- [Exercise data]
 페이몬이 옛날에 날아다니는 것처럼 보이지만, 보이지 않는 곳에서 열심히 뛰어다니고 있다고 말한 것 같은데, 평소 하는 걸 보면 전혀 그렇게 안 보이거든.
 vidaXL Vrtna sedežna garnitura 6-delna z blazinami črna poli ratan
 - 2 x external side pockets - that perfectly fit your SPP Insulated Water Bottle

* * *

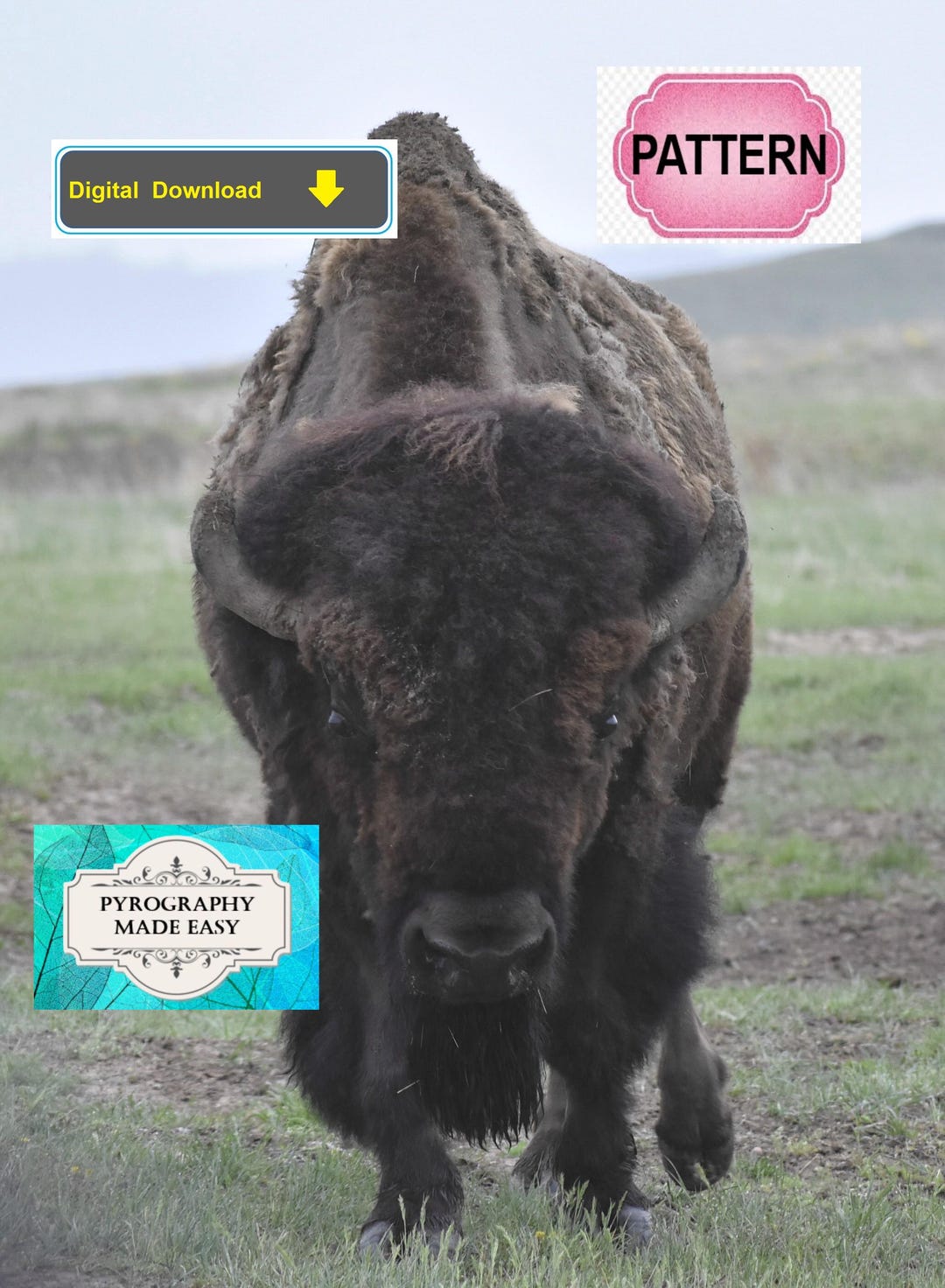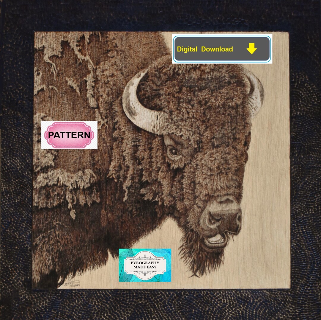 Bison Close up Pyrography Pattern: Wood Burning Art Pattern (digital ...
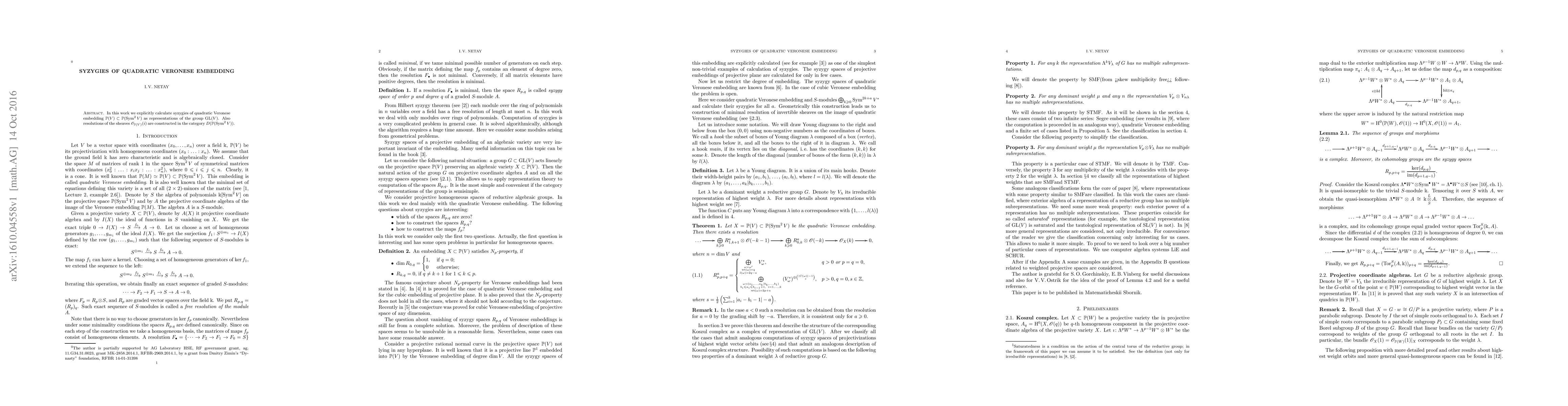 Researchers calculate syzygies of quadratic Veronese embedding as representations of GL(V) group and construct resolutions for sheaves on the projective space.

- [What the exercise asks] Word for word, retype the lines in the entries above that run from the one with "Bison Close up" through the one with "Researchers calculate syzygies". Both ends count; pictures do not.

- [Result for this task]
 Bison Close up Pyrography Pattern: Wood Burning Art Pattern (digital ...
 Researchers calculate syzygies of quadratic Veronese embedding as representations of GL(V) group and construct resolutions for sheaves on the projective space.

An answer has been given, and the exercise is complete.